Bandura précise donc que le sentiment d’efficacité personnelle peut influencer les pratiques des individus mais il précise que les pratiques vont également influencer la construction de leur sentiment d’auto-efficacité. D’où la réalisation du concept de causalité triadique bidirectionnel que nous avons vu précédemment (voir schéma 1 ci-dessus).

Le sentiment d’efficacité personnelle (SEP) d’un individu a un lien avec les actions qu’il réalise et avec l’environnement dans lequel il se trouve, mais réciproquement ces deux derniers vont participer à la construction du SEP de l’individu.

3.3. Le sentiment d’efficacité personnelle : un élément organisateur des pratiques

Comme nous l’avons précisé précédemment, le SEP est un des éléments qui va permettre de caractériser un individu. Donc partant du modèle de causalité triadique réciproque, le sentiment d’efficacité personnelle peut être un outil de description des comportements dans un environnement donné. Galand et Vanlede montrent, dans le compte rendu sur les différents travaux relatifs au Sentiment d’efficacité Personnelle, que les résultats vont dans le même sens. Il existe « une relation entre le sentiment d’efficacité personnelle et performance ou persévérance » (Galand et Vanlede, 2004).

Le sentiment d’efficacité personnelle est donc un des éléments qui va organiser l’action d’un individu dans un environnement donné. Il peut donc être perçu comme un organisateur des pratiques d’enseignement. Dans nos travaux, nous étudions la sphère professionnelle des enseignants, nous utiliserons donc le terme de « Sentiment d’efficacité Professionnelle, qui n’est qu’un sous-ensemble du Sentiment Efficacité Personnelle » (Marcel, 2009).

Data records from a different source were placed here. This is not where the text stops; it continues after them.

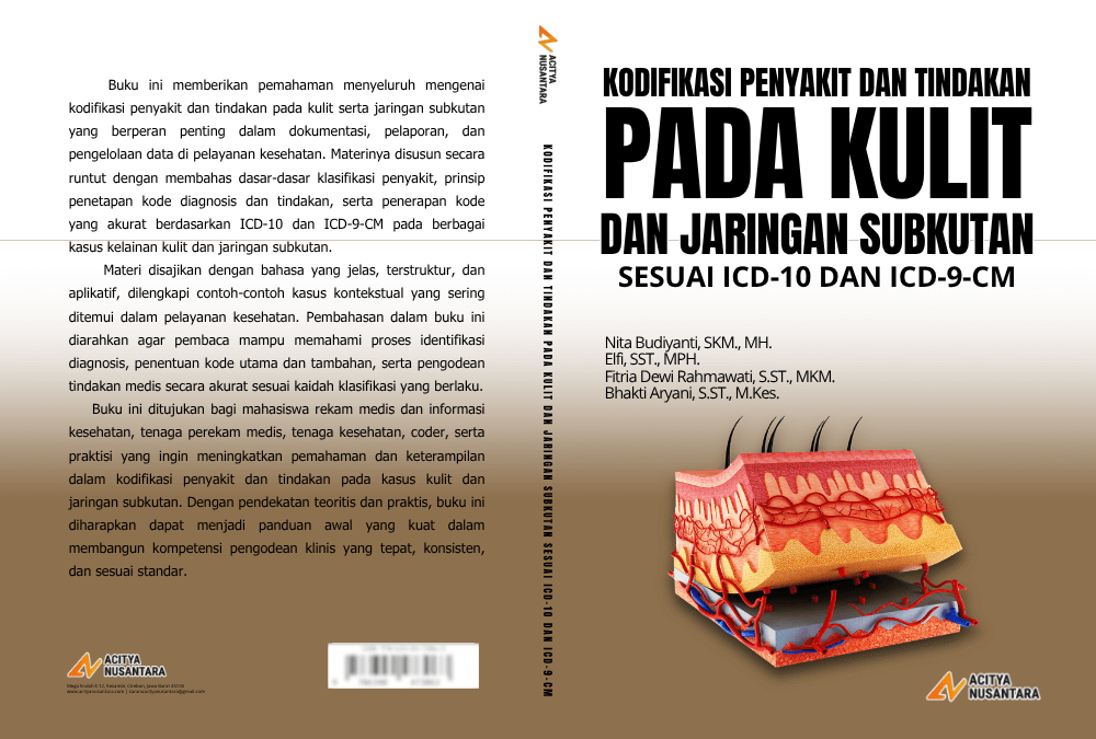 Kulit dan jaringan subkutan adalah salah satu pokok bahasan diagnosis maupun tindakan medis. Oleh karena itu, pemahaman yang komprehensif mengenai kodifikasi berdasarkan standar internasional ICD-10 dan ICD-9-CM sangatlah penting. Buku ini diharapkan dapat menjadi panduan praktis sekaligus teoritis, bagi mahasiswa untuk memperoleh bekal akademik yang kuat untuk menguasai keterampilan kodifikasi, bagi praktisi memiliki acuan yang jelas dan sistematis dalam penerapan kodifikasi di fasilitas pelayanan kesehatan serta Institusi pendidikan dan pelayanan kesehatan dapat meningkatkan mutu pencatatan serta pelaporan data kesehatan.
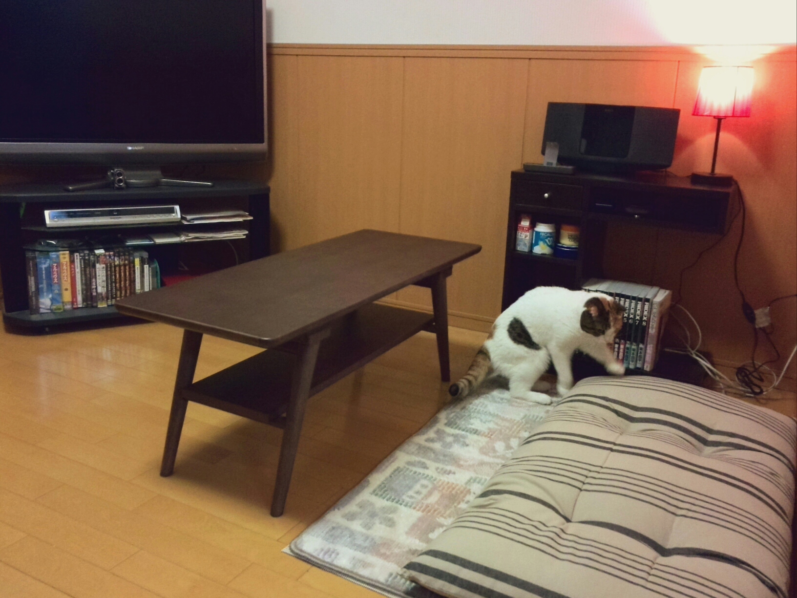 大正堂ではセール品の本革ソファーを注文し、ニトリでセンターテーブルとサイドテーブル、照明と長座布団を買ってきました。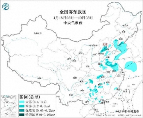 中央气象台4月18日6时继续发布大雾黄色预警:预计,4月18日8时至19日8时,渤海北部、渤海海峡、黄海大部海域、东海西北部海域将有能见度不足1公里的大雾;此外,4月18日早晨至上午,辽宁南部、北京南部、天津西部、河北中部、山东西北部和南部、河南中东部、安徽中西部、江苏中北部、湖北中部、湖南中西部、江西中部、广西中东部、广东中部等地的部分地区有大雾,局地有能见度不足200米的强浓雾。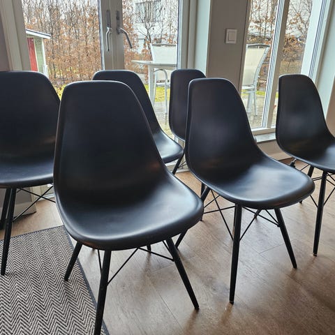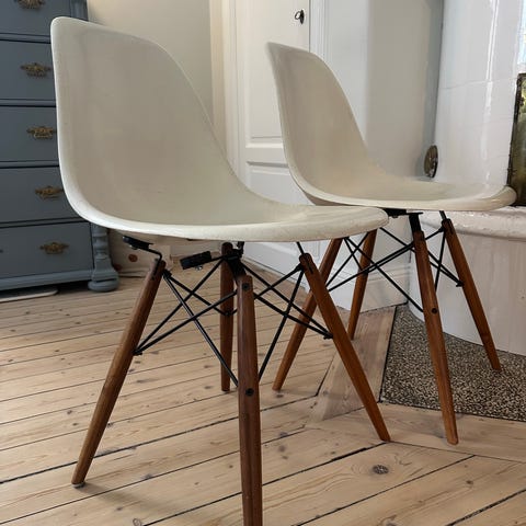 Fyra klassiska äkta vita Eames plastic chair DSW Golden Maple, köpta på 00-talet på Nordiska Galleriet letar nytt hem. Nypris ca 5200 st. Bra bruksskick, men lite skavmärken längst ner på benen tex.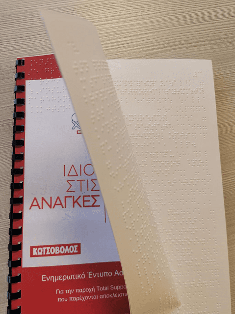 Τα έντυπα επιμελήθηκε και εκτύπωσε η Εθνική Ομοσπονδία Τυφλών, με στόχο οι συνάνθρωποί μας οι οποίοι αντιμετωπίζουν προβλήματα όρασης, να μπορούν να ενημερωθούν άμεσα και ανεξάρτητα, προσφέροντας μια καλύτερη ζωή για όλους, χωρίς εμπόδια και διακρίσεις.

Selon Bandura, le sentiment d’efficacité est un facteur interne à l’individu qui a une forte valeur prédictive sur les comportements humains (Bandura, 2003). Safourcade a mis en avant une relation entre le Sentiment d’efficacité Personnelle et les pratiques d’enseignement (Safourcade, 2010). Lors de cette recherche, basée sur l’étude de 106 enseignants de collège, l’auteur a évalué leur SEP qu’elle a mis en relation avec les pratiques d’enseignement. Elle a observé, ensuite, 23 enseignants, volontaires, afin de

déterminer différentes pratiques d’enseignement. Un entretien d’auto-confrontation a ensuite été réalisé après chaque séance observée, afin que les enseignants les valident.

Parmi les indicateurs d’efficacité de l’action enseignante qui ont été utilisés lors de cette étude, il y a les variables liées au sujet apprenant, c’est-à-dire l’observation des interactions entre l’apprenant et l’enseignant pendant la séance. Pour elle, le sentiment d’efficacité personnelle va organiser trois niveaux de l’action : celui de la valorisation de l’action, de la perception de l’action et enfin celui de la décision. Selon ses conclusions, « l’efficacité professionnelle perçue est donc un organisateur de l’action car elle permet d’expliquer les régularités et les variations des pratiques observées » (Safourcade, 2010). Par exemple, les enseignants ayant un fort sentiment d’efficacité professionnelle vont interroger les élèves pour s’assurer que certains aspects du cours ont bien été transmis. Cette affirmation se vérifie pour la majorité d’entre eux (régularité de la pratique). A contrario, les enseignants ayant un faible sentiment d’efficacité professionnelle vont moins centrer leurs interventions sur le contenu. Ici Safourcade montre une régularité de la pratique pour ceux qui ont un SEP élevé, mais elle montre aussi une variation de la pratique pour ceux qui ont un SEP faible. Nous pouvons donc dire, dans ce contexte, que le sentiment d’efficacité professionnelle, qui est une sphère du sentiment d’efficacité personnelle, est un des organisateurs des pratiques d’enseignement.

L’ensemble de ces processus cognitifs est organisé au sein des activités menées par les enseignants en situation. Lorsque nous nous intéressons à l’évolution des pratiques d’enseignement, nous regardons le comportement de l’enseignant en situation de classe qui dans certains cadres est nommé le « pouvoir d’agir » de l’enseignant.